8. A face image designated by a searcher, wherein at least one face image is designated from a face database registered in advance by a character list.
Image search method described.

9. The image search method according to claim 8, wherein the character list is created in advance by a searcher or generated from a program table.

10. The image search method according to claim 4, wherein a face image of a character in the video is specified and registered in advance as the face image specified by the searcher.

11. A face detection unit that detects a frame in which a face is present in a video and extracts at least one face image from the frame, and detects a face of the same character from all the extracted face images. An image search device comprising: a grouping unit; and a character identification unit that extracts a representative face image for each character.

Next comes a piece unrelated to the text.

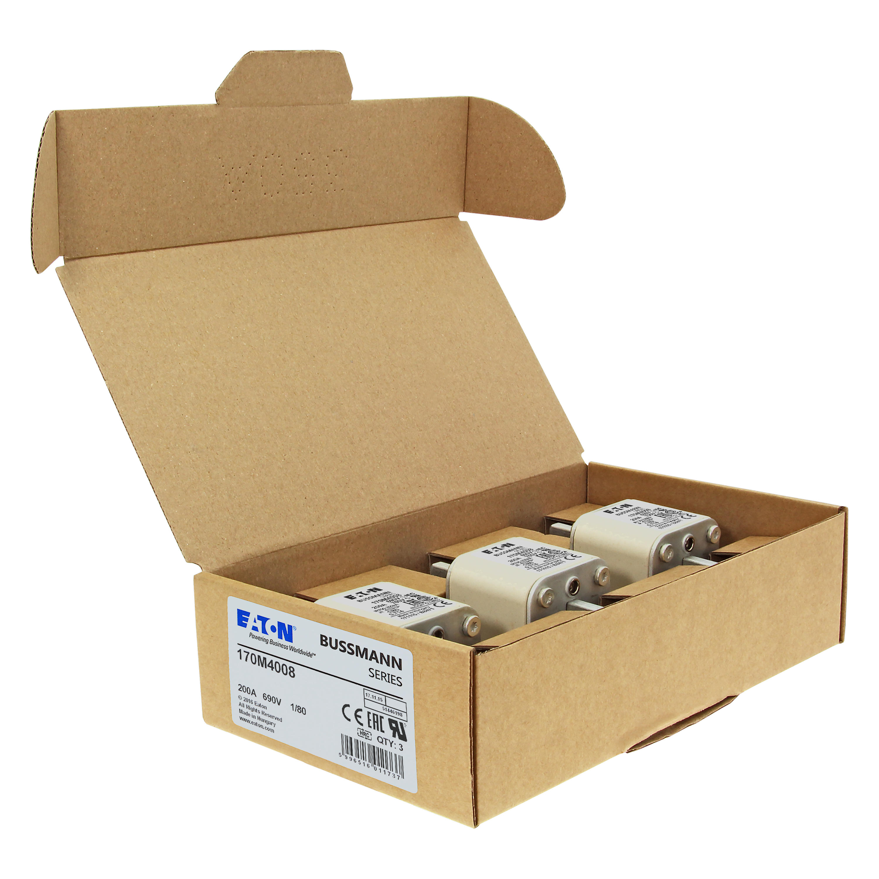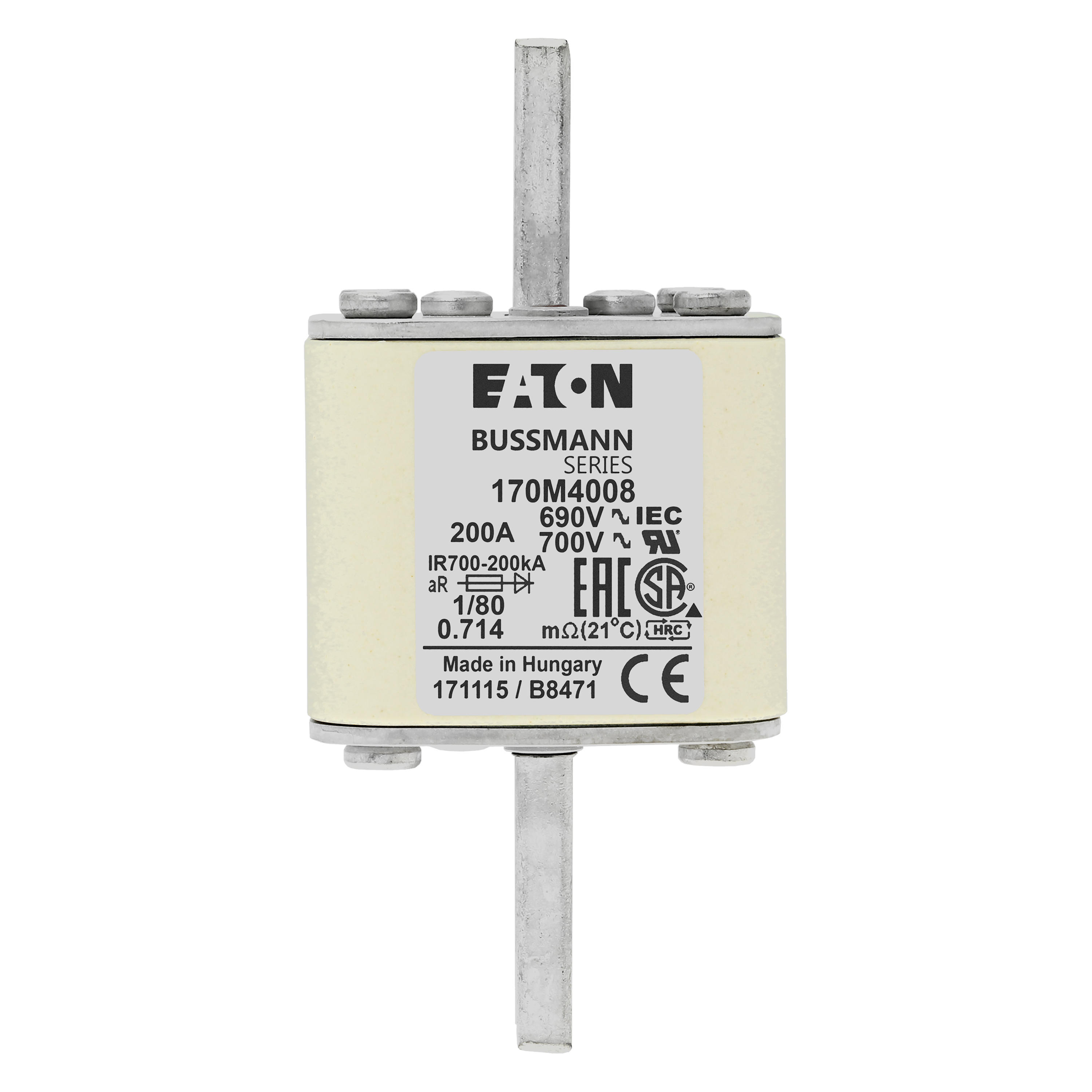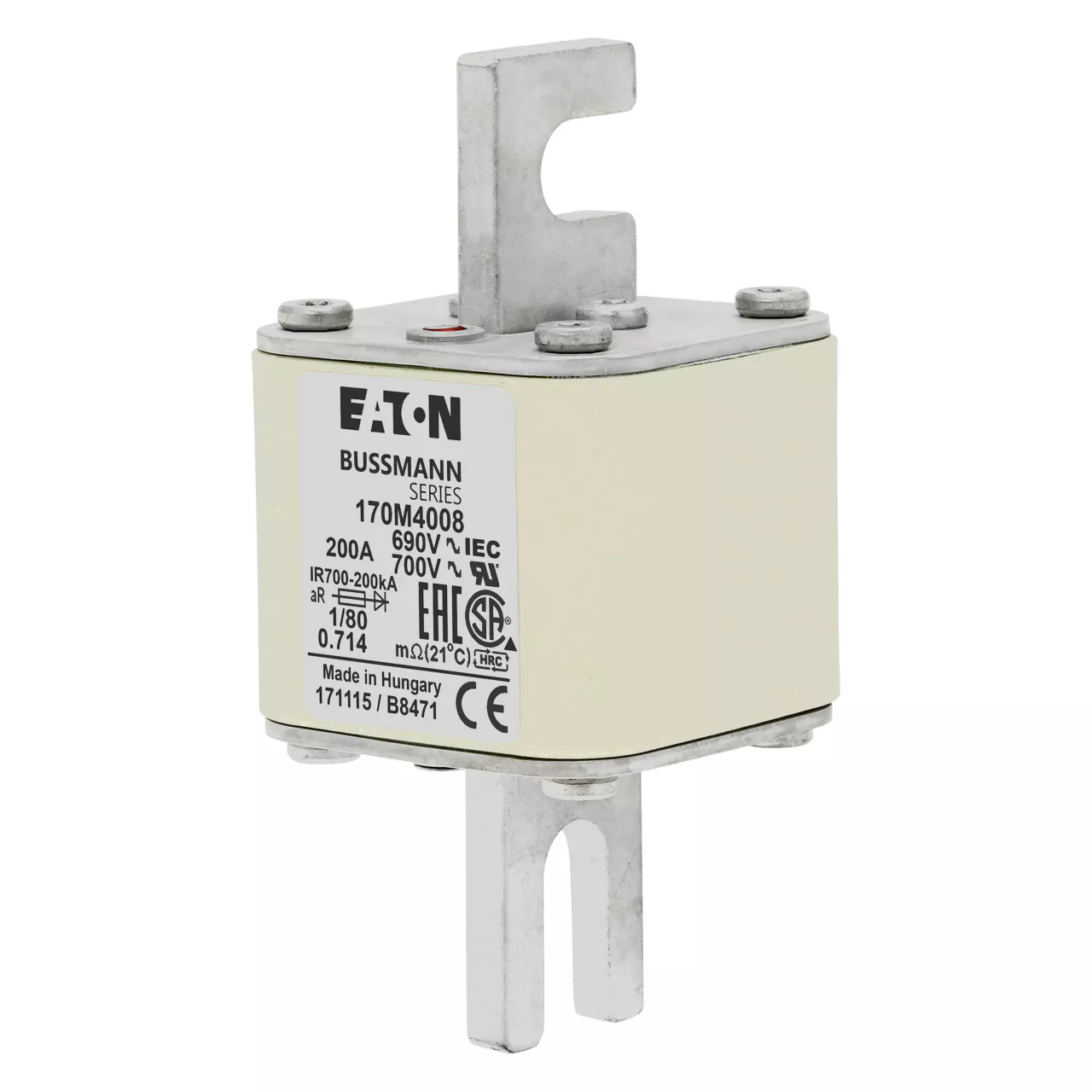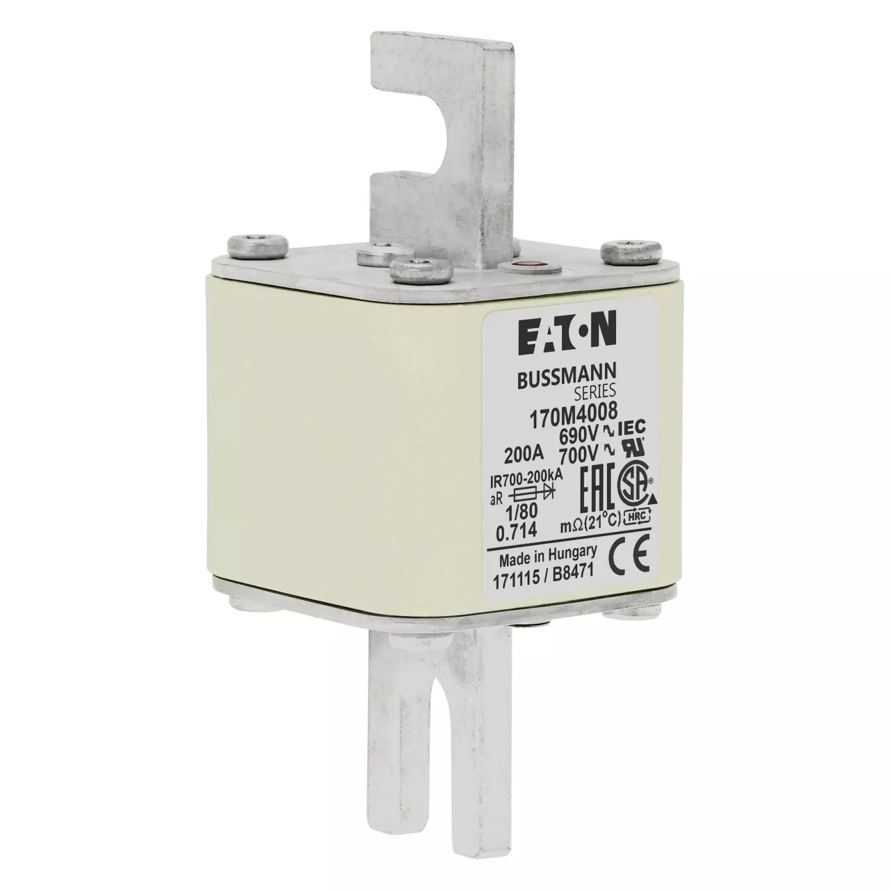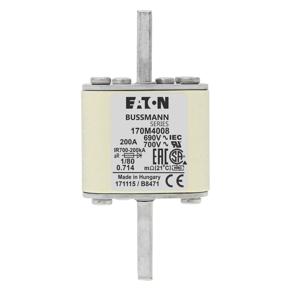170M4008 Wkładka szybka, 200 A, AC 690 V, DIN 1, 53 x 53 x 108 mm, aR, DIN, IEC

12. A scene change detecting section for detecting a scene change by monitoring a frame image in time series with a video signal as an input, and a face is taken from a representative image of each scene from the scene change detecting section. A face detection unit that detects a frame and extracts at least one or more face images from the frame; and groups faces of the same character from all the extracted face images, and extracts a representative face image for each character An image search device comprising a character identification unit.

13. A character designating unit for designating at least one or more face images from a face database previously registered by a searcher in a character list, and a video input unit for receiving a video signal as input and outputting it in frame units. A face detection unit that detects a face area from a frame image output from a video input unit; and a character based on a face image output from the character specification unit and a face image detected in the face area from the face detection unit. An image search device comprising: a character identification unit that determines whether or not the above condition is satisfied; and an image output unit that displays and records the identification result determined by the appearance identification unit.

14. A face image reading unit for reading an image to be searched, a video input unit for receiving a video signal as an input of a video signal and outputting the frame unit, and a face area from a frame image output from the video input unit. A face detection unit for detecting,
A matching unit that determines whether or not the search target image and a face image detected in the face area output from the face detection unit are a search target; and an image output unit that displays and stores the matching result. Characteristic image retrieval device.